At March 31, 2012 and 2011, we had no interest rate derivatives which were sensitive to interest rate changes.
Item 4. | CONTROLS AND PROCEDURES |
In accordance with Exchange Act Rules 13a-15 and 15d-15, we carried out an evaluation, under the supervision and with the participation of management, including our President and Chief Executive Officer and our Senior Vice President and Chief Financial Officer, of the effectiveness of our disclosure controls and procedures as of the end of the period covered by this report.
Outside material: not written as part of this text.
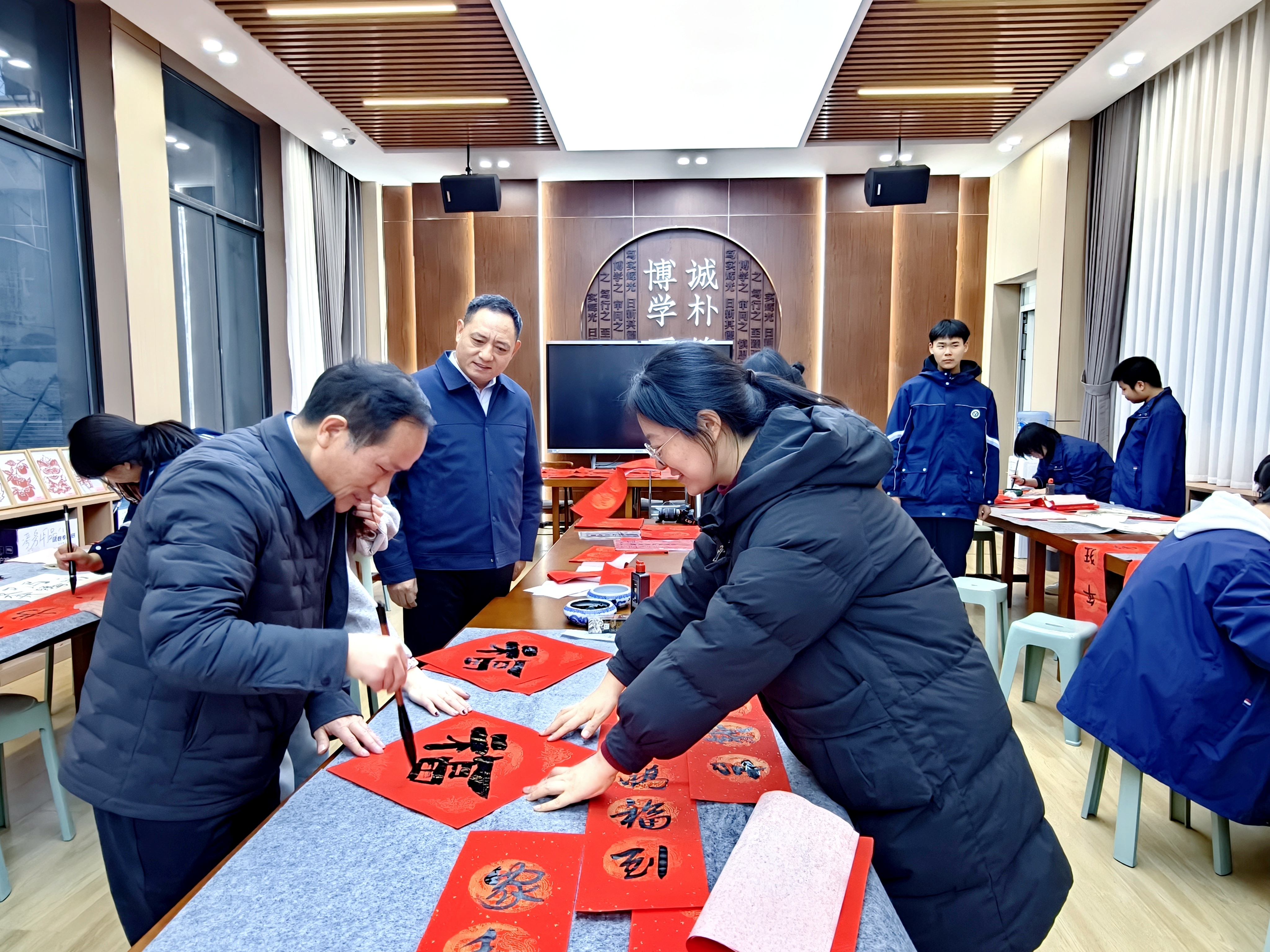 笔走龙蛇书壮志,纸承墨韵贺新春。学子们各显神通,楷书端庄秀丽、隶书古朴厚重、行书飘逸洒脱,不同字体各有风骨。“光阴不为少年留,术业宜从勤学起”“百世岁月当代好,千古江山今朝新”,楹联中是少年们对未来的憧憬。一幅幅春联对仗工整,一个个“福”字圆润饱满、暖意融融,展现了少年昂扬向上、奋勇争先的青春姿态,诠释了“灵智并进”的校训内涵。

Based on that evaluation, our President and Chief Executive Officer and our Senior Vice President and Chief Financial Officer concluded that our disclosure controls and procedures were effective as of March 31, 2012, to provide reasonable assurance that information required to be disclosed in our reports filed or submitted under the Exchange Act is recorded, processed, summarized and reported within the time periods specified in the Securities and Exchange Commissions rules and forms and that such information is accumulated and communicated to our management, including our Chief Executive Officer and Chief Financial Officer, as appropriate, to allow timely decisions regarding required disclosure.
There has been no change in our internal controls over financial reporting that occurred during the three months ended March 31, 2012, that has materially affected, or is reasonably likely to materially affect, our internal controls over financial reporting.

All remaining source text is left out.